__RECORDED DATA__.
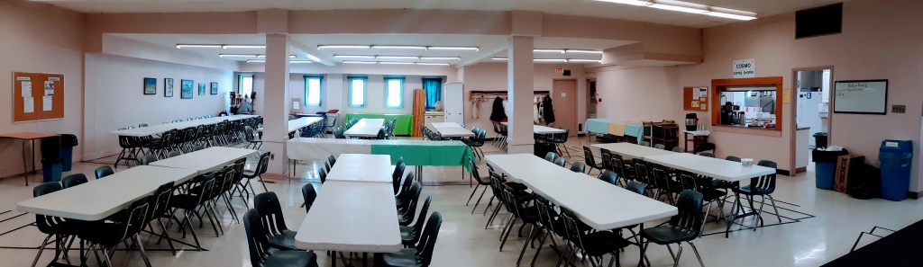 Craft Room/Also used for meetings – 22’ x 21’ is in the large hall kitchen space. It is a kitchen and has tables, chairs with sink, coffee and tea pots, sink, etc.
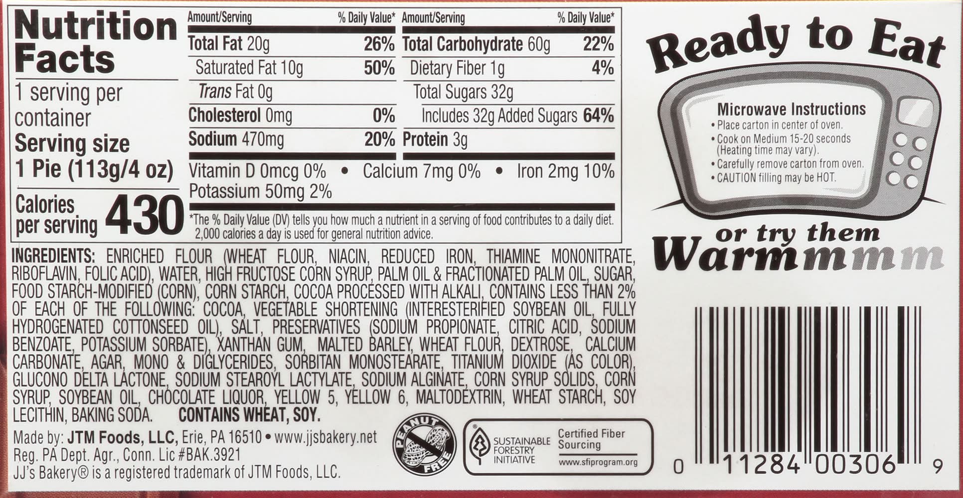 Pie, Chocolate, Lightly Glazed • Brand: Jj's bakery • kosher • Jtm Foods, Llc, Erie, PA, 16510
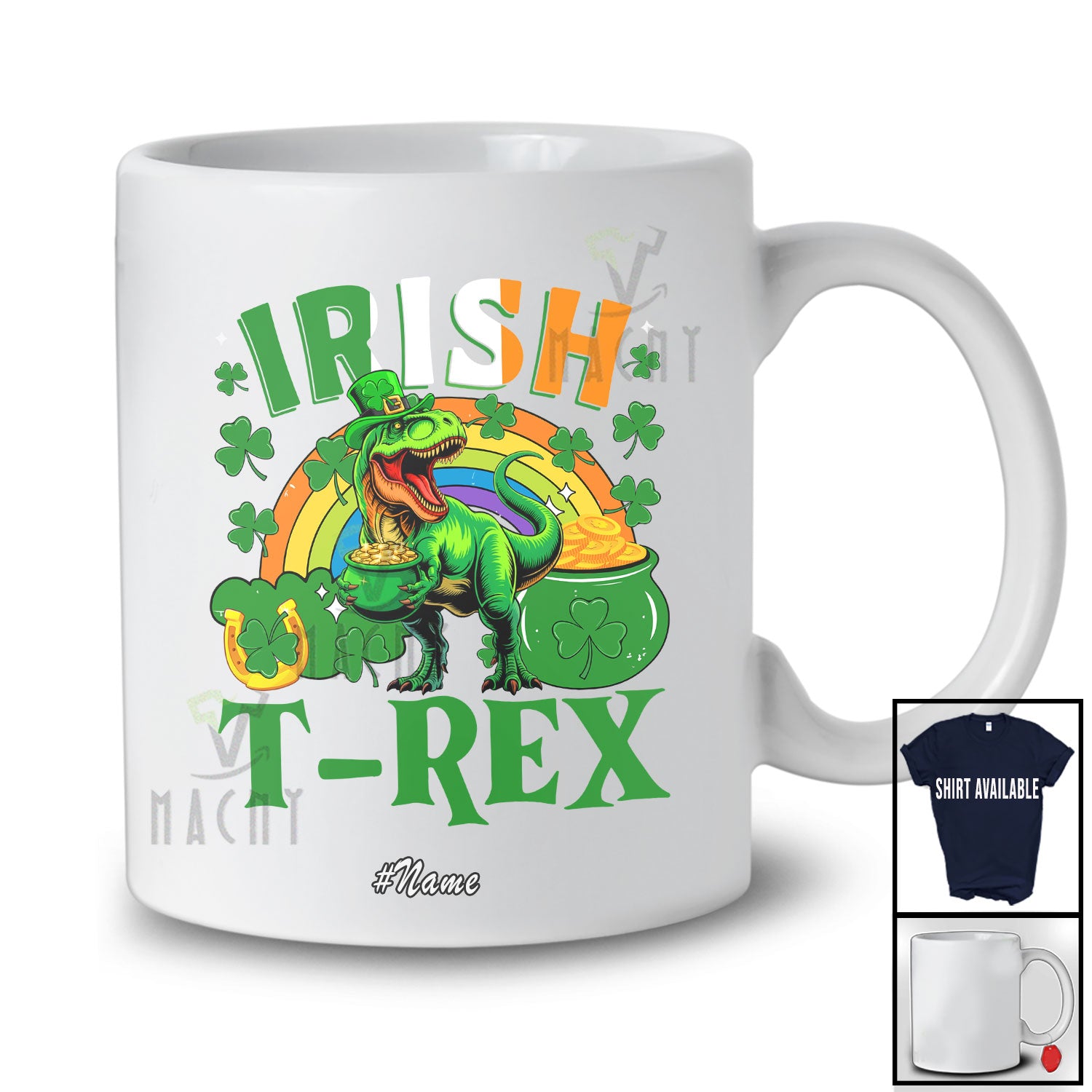 The Personalized Custom Name Irish T-Rex; Amazing St. Patrick's Day Girls Rainbow; Lucky Shamrock T-Shirt is far and away, one of our most popular items. People can't seem to get enough of it.

__WHAT TO DO__. Pictures are to be dropped, and the lines from the line with "Pie, Chocolate, Lightly" through the end of the material above are to be reproduced exactly.

__ANSWER TO THE PROBLEM__.
 Pie, Chocolate, Lightly Glazed • Brand: Jj's bakery • kosher • Jtm Foods, Llc, Erie, PA, 16510
 The Personalized Custom Name Irish T-Rex; Amazing St. Patrick's Day Girls Rainbow; Lucky Shamrock T-Shirt is far and away, one of our most popular items. People can't seem to get enough of it.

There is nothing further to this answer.